**Excerpts from a dataset:**
* * *

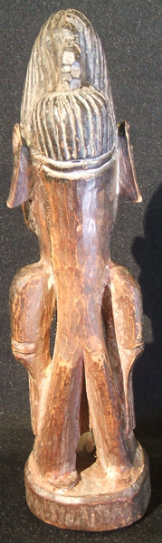 Twins are considered to be powerful spirits, so upon the death of one or both twins, the ibeji, a small wood figure, is carved to represent the deceased child.  The ibeji is treated just as if the child were still alive.  It is bathed. clothed, fed and generally looked after by the mother to assure that only good fortune is brought to the family. Ibejis are not carved to look like children but instead they appear as either male or female adults.
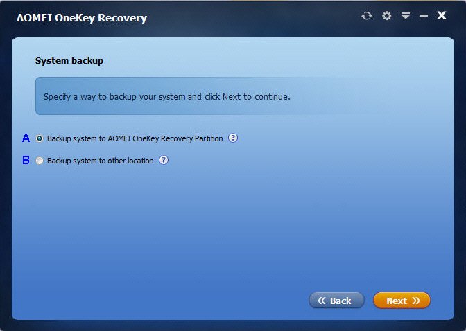 • Möglichkeit A: Backup des Systems auf AOMEI OneKey Recovery Partition - Die Image-Datei der Systemsicherung wird auf dem Systemlaufwerk gespeichert. Es erfordert, dass das Systemlaufwerk genügend freien Speicherplatz hat, um sie zu speichern.
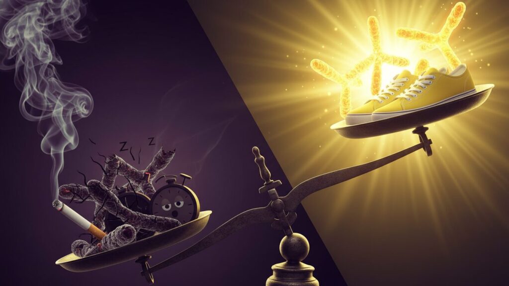 細胞の老化指標であるテロメア長とライフスタイル要因(喫煙、不眠症、運動)の関連性を対比的に表現したイラスト。喫煙と不眠症がテロメアを短縮させ、身体活動が老化を予防する様子を示す。
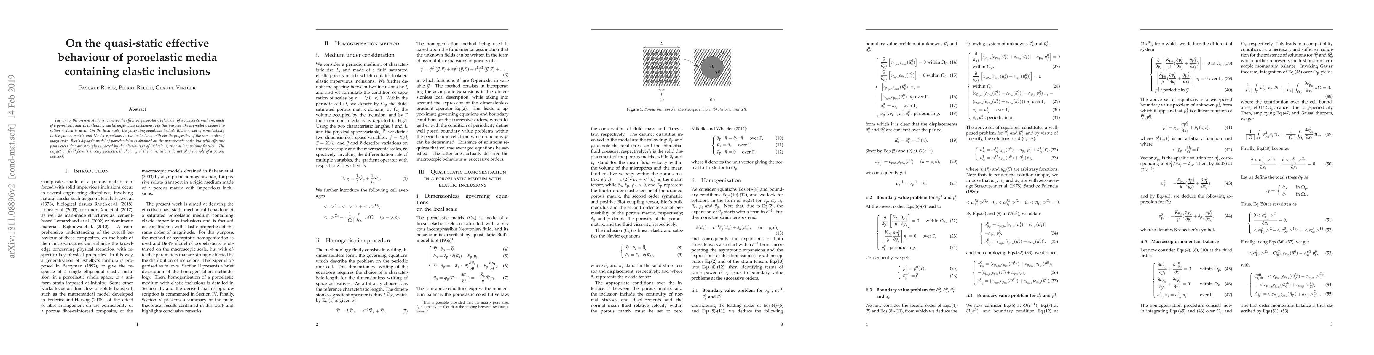 This study derives the effective quasi-static behaviour of poroelastic media with elastic inclusions using asymptotic homogenisation. It finds that the distribution of inclusions significantly impacts the effective parameters of Biot's diphasic model, despite their low volume fraction, without acting as a porous network.
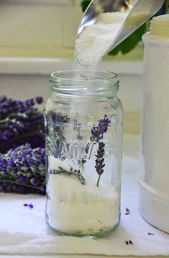 Shake the jar up now and then to distribute the lavender oils in the sugar.
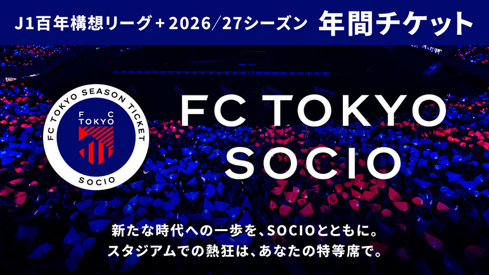 FC東京では年間チケット(SOCIO)を、シーズン移行期の特別大会『明治安田J1百年構想リーグ』と『2026/27明治安田J1リーグ』をあわせた1.5シーズン(2026年2月~2027年5月)として販売いたします。
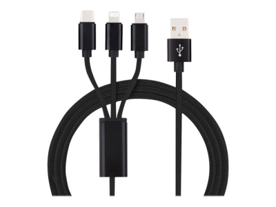 Insmat 3-IN-1 - Salamakaapeli - USB uros to Micro-USB Type B, Lightning, 24 pin USB-C uros - 1.2 m - musta 133-1003
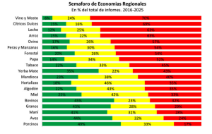 (NAP) Sólo cuatro actividades de las Economías Regionales finalizaron 2025 en verde, mientas que nueve quedaron en amarillo y seis en rojo, de acuerdo con los datos relevados por el Semáforo de Coninagro, que prepara el Departamento de Economía.
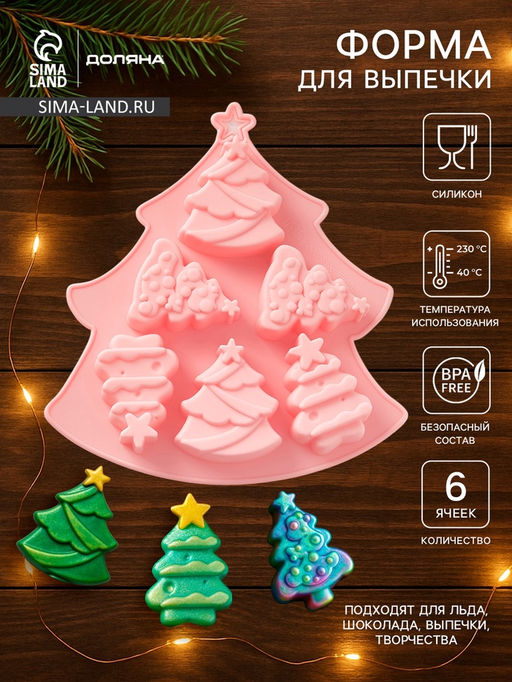 • Форма для выпечки новогодняя Доляна «Ёлочки», силикон, 22×20.6×2.5 см, 6 ячеек, розовая

* * *

**TASK DIRECTIONS:**
Copy every entry word for word, but omit the pictures.

**RESPONSE BOX:**
 Twins are considered to be powerful spirits, so upon the death of one or both twins, the ibeji, a small wood figure, is carved to represent the deceased child.  The ibeji is treated just as if the child were still alive.  It is bathed. clothed, fed and generally looked after by the mother to assure that only good fortune is brought to the family. Ibejis are not carved to look like children but instead they appear as either male or female adults.
 • Möglichkeit A: Backup des Systems auf AOMEI OneKey Recovery Partition - Die Image-Datei der Systemsicherung wird auf dem Systemlaufwerk gespeichert. Es erfordert, dass das Systemlaufwerk genügend freien Speicherplatz hat, um sie zu speichern.
 細胞の老化指標であるテロメア長とライフスタイル要因(喫煙、不眠症、運動)の関連性を対比的に表現したイラスト。喫煙と不眠症がテロメアを短縮させ、身体活動が老化を予防する様子を示す。
 This study derives the effective quasi-static behaviour of poroelastic media with elastic inclusions using asymptotic homogenisation. It finds that the distribution of inclusions significantly impacts the effective parameters of Biot's diphasic model, despite their low volume fraction, without acting as a porous network.
 Shake the jar up now and then to distribute the lavender oils in the sugar.
 FC東京では年間チケット(SOCIO)を、シーズン移行期の特別大会『明治安田J1百年構想リーグ』と『2026/27明治安田J1リーグ』をあわせた1.5シーズン(2026年2月~2027年5月)として販売いたします。
 Insmat 3-IN-1 - Salamakaapeli - USB uros to Micro-USB Type B, Lightning, 24 pin USB-C uros - 1.2 m - musta 133-1003
 (NAP) Sólo cuatro actividades de las Economías Regionales finalizaron 2025 en verde, mientas que nueve quedaron en amarillo y seis en rojo, de acuerdo con los datos relevados por el Semáforo de Coninagro, que prepara el Departamento de Economía.
 • Форма для выпечки новогодняя Доляна «Ёлочки», силикон, 22×20.6×2.5 см, 6 ячеек, розовая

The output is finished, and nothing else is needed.